Blu-ray/DVD Picks & Passes 12.16.12

Beasts of the Southern Wild (2012) PICK

The Dark Knight Rises (2012) PICK

Finding Nemo (2003) PICK

Up (2009) PICK

The Dark Knight Rises, the ambitious finale to Christopher Nolan’s Dark Knight trilogy, is now available on home video in a Blu-ray/DVD combo edition. You can also pick up the entire boxed trilogy in a five-disc Blu-ray set or a three-disc DVD set. As a whole, the trilogy offers a vigorous and satisfying new reading of who Batman is and what he stands for.

Bleak and apocalyptic, the third and final chapter is more hopeful than the second and provides welcome moral clarity on the earlier film’s moral ambiguities. Tom Hardy’s frightening Bane recapitulates both of the villains from the previous films, and Anne Hathaway is a breath of fresh air as Selina Kyle, better known as Catwoman.

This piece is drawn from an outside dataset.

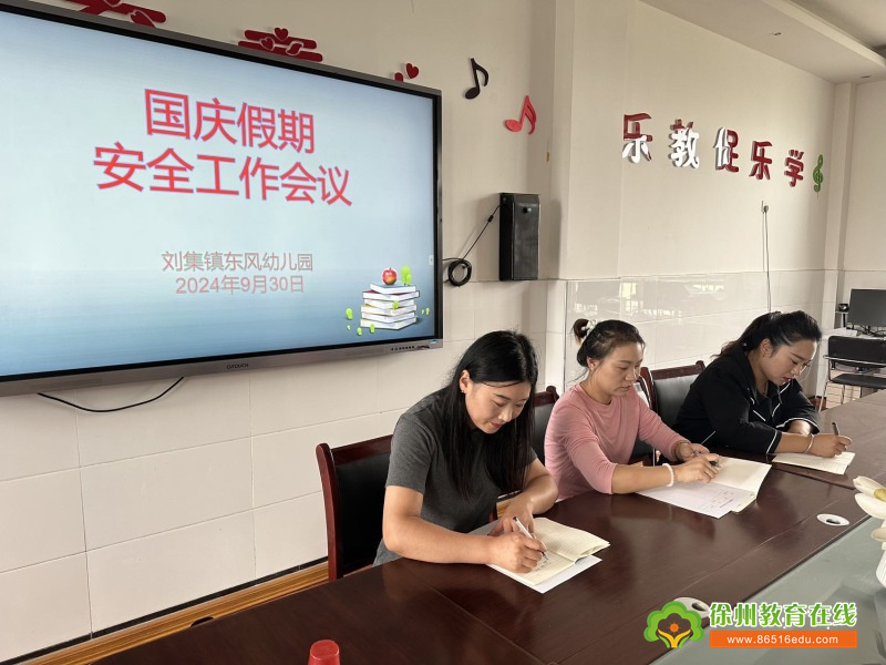 国庆假期来临之际,为了严格落实各项安全防范措施,增强师生的安全意识,确保广大师生度过一个欢乐、祥和、平安的节日,2024年9月30日,刘集镇东风幼儿园召开国庆假期安全工作会议,全面部署安排假期安全工作。

Though not without flaws, it brings the Batman’s personal story to a satisfying finale.

Two Pixar family-themed classics are newly available in multi-disc Blu-ray/DVD editions.

Finding Nemo, recently rereleased in theaters in a 3-D edition, and Up are both back in five-disc and three-disc collector’s editions. (The five-disc editions include 3-D discs requiring a 3-D enabled Blu-ray player.)

Finding Nemo isn’t just stunningly gorgeous — it’s also the best father-son story in Hollywood animation, and Marlin is perhaps my favorite animated father figure. Up opens with one of the best tributes to lifelong love that I have ever seen in any film, let alone a cartoon — and that’s just in the wordless prologue.

Both sets come with plenty of bonus features — many previously available; some new. On Finding Nemo, be sure to catch the CineExplore audio/video commentary, the filmmakers’ roundtable discussion and the alternate opening sequence.

Finally, first-time director Benh Zeitlin’s film Beasts of the Southern Wild is a boldly original work depicting the harshness and beauty of a fictional Louisiana bayou community called the Bathtub. Through the eyes of a near-feral young girl named Hushpuppy, we see a world of magic and danger: hurricanes and floods, death and monsters.

Catholic writer Graham Greene said that a film should show the world both as it is and as it should be. In its hardship and brutality, Beasts offers an imaginative picture of the world (or part of it) as it is. But in its celebration of community, beauty, self-reliance and closeness to the earth, we can see a glimpse of how the world should be.

 

Content Advisory: Beasts of the Southern Wild: Brief suggestive content; menace and rough treatment of a child; heavy drinking; some profane, obscene and crude language. Mature viewing. The Dark Knight Rises: Much intense action violence, including fatalities and crippling injuries; a nonmarital bedroom scene (nothing explicit); some language. Older teens and up. Finding Nemo: Animated high excitement and menace; parental-separation theme. Could be frightening to sensitive youngsters. Up: Some menace and peril; an off-screen action death; sober depiction of mortality and grief. Kids and up.